Monday, March 14, 2005

Hillary Clinton turns prude!

Let's all shriek together... "But what about the children?"

That's what Hillary is doing and the New Democrats are backing her. See, she's worried that the V-Chip isn't enough anymore (heh, did anybody ever actually use that turkey?) and Hill, priming for a centrist position so she can run for president in 2008, wants to do something about... well, in her words, here's the problem: "Just a decade ago, we made great strides to keep children away from inappropriate material. But we face a complex new world. All across our country, kids today are playing increasingly violent video games while sending instant messages to friends and strangers online and listening to music they've downloaded on their I-Pods. How does a parent today who wants to protect their child from violent or explicit content have a chance?"

Here's the answer, Hillary -- access to greater amount of content will make the kids in, what you guys are lamely calling "Generation M(edia)," more savvy, more mature, smarter and more interesting than generations prior.

Information fights to be free, folks. Even to minors. But, the thing is, information isn't warping, it's enlightening. Sheltering a young generation isn't the answer. Let them see what they want. Parents are just going to have to make time to dicsuss what's been seen.

I know that a lot of free speech advocates (and I'm worse, I'm a free speech absolutist) say it's okay to protect minors. But, in the end, there's no real way to protect minors without limiting the content available to adults. Look at the movie industry. The MPAA rates movies and, unfairly, only has parents on the ratings committee, as if the views of people without kids don't matter. The natural market response, in Hollywood, is to tone down content in movies. Why? Because a PG movie is acceptable for a much larger audience than an R-rated movie is. The decisions made by directors and writers -- actual artists -- wind up being second-guessed by non-artists and the money issue creates an incentive for producers to give in to non-artist pressure, often against the wishes of the people who actually made the movie.

Is that right? I say it's "soft censorship." It's not compulsory by law, but it is compelled by a market manipulated by prudes. And... that sucks.

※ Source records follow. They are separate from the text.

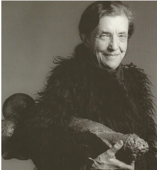
Fig. 4: Robert Mapplethorpe. Louise Bourgeois . 1982.

(...) a imobilidade da foto é como o resultado de uma confusão perversa entre dois conceitos: o Real e o Vivo: ao atestar que o objeto foi real, ela induz sub-repticiamente a acreditar que ele está vivo, por causa desse logro que nos faz atribuir ao Real um valor absolutamente superior, como que eterno; mas ao deportar esse real para o passado (“isso foi”), ela sugere que ele já está morto. Assim, vale dizer que o traço inimitável da Fotografia (seu noema) é que alguém viu o referente (mesmo que se trate de objetos) em carne e osso, ou ainda, em pessoa. 11
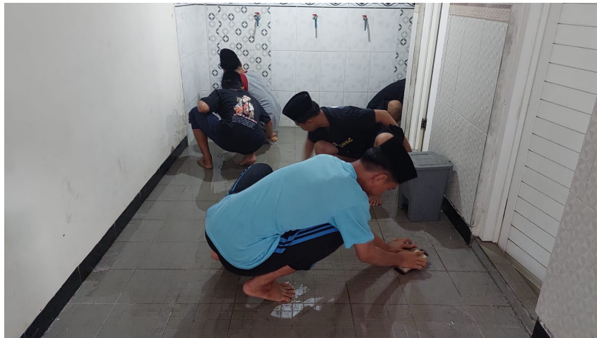
Gambar 1. Kegiatan Kebersihan Kamar Mandi

Hasil wawancara tersebut menunjukkan bahwa pembentukan karakter santri memerlukan pendekatan yang terintegrasi dalam seluruh aspek kegiatan pesantren, bukan sekadar melalui pengajaran formal. Kurikulum yang dirancang berbasis nilai-nilai karakter seperti kejujuran, disiplin, dan tanggung jawab menjadi kunci utama. Semua ini hanya dapat terwujud dengan adanya kepemimpinan yang memiliki visi jelas, yang mampu mengarahkan dan memastikan bahwa setiap aktivitas pesantren selaras dengan tujuan pembentukan karakter santri secara menyeluruh.
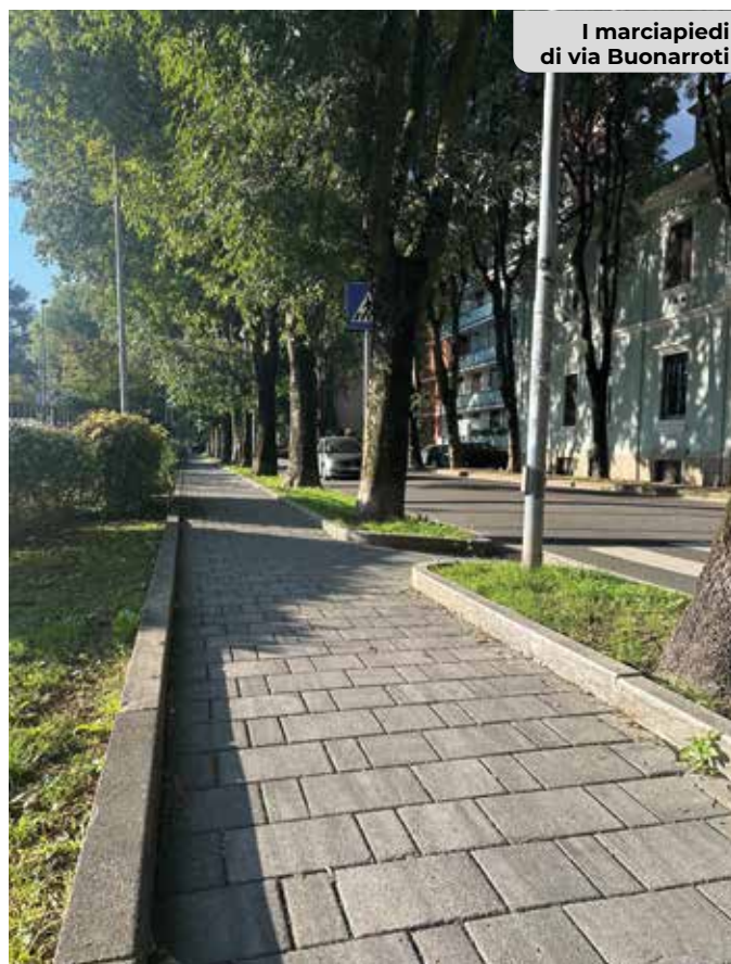
I marciapiedi di via Buonarroti

via Manzoni e altre arterie significative.
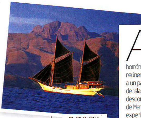
EL SILOLONA, ANCLADO JUNTO A LAS COSTAS DE KOMODO.

medida —y en 24 horas—, o que miembros de la plantilla contacten con reputados anticuarios de la región para un pequeño shopping . El broche de oro lo pone el festín nocturno en la impresionante casa de reuniones, «una réplica de las que hay en Sumatra, incluido su techado en forma de cornamenta, alojada entre arrozales milenarios cuyas plantas alcanzan la altura humana». Un viaje, en suma, hacia esa armonía primitiva que los Hardy han sabido recuperar para sus huéspedes. ■ Leticia Echávarri
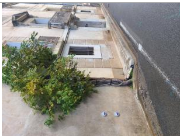
Repères de crue posés sur la façade du n°20
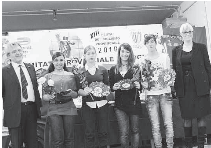
La premiazione delle categorie femminili Esordienti e Allieve

Insomma, una festa eccellente che ha avuto nelle vesti di spae-

Stop making this kind of thing an issue, Hillary. What kids download on their iPods is not a matter for the federal government to be concerned with. Get back to the real issues like Social Security, the deficit and our messed up foreign policy.

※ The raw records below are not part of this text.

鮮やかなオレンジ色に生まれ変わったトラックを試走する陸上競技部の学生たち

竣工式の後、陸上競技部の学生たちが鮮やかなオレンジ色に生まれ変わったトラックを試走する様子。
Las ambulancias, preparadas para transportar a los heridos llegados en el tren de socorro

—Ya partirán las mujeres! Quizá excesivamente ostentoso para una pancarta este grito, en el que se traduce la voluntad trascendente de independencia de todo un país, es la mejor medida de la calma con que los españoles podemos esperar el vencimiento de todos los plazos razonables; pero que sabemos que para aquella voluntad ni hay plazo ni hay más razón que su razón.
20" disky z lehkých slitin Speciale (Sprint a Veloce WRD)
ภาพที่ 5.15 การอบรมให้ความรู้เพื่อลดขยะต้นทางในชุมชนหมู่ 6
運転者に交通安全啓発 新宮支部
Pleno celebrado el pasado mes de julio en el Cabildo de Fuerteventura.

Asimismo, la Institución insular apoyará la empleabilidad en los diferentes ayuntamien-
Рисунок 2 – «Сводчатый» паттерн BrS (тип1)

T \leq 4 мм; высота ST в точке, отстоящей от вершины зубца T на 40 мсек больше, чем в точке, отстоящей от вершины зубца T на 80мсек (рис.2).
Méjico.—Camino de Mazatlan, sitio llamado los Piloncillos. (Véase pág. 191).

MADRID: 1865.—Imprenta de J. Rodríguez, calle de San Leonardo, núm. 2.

At 2:02 PM , Blogger Dollar Video Curator said...

I agree, of course, with you. Has anything really changed since we were kids? We all snuck into R-rated movies, looked at dirty titty magazines, drank and smoked underage, and heard music with FUCK in it. And how badly did this effect us? Obviously we are all just a bunch of violent perverts. This kind of censorship is just a cop out for lazy parents who refuse to take the responsibility for raising their own children.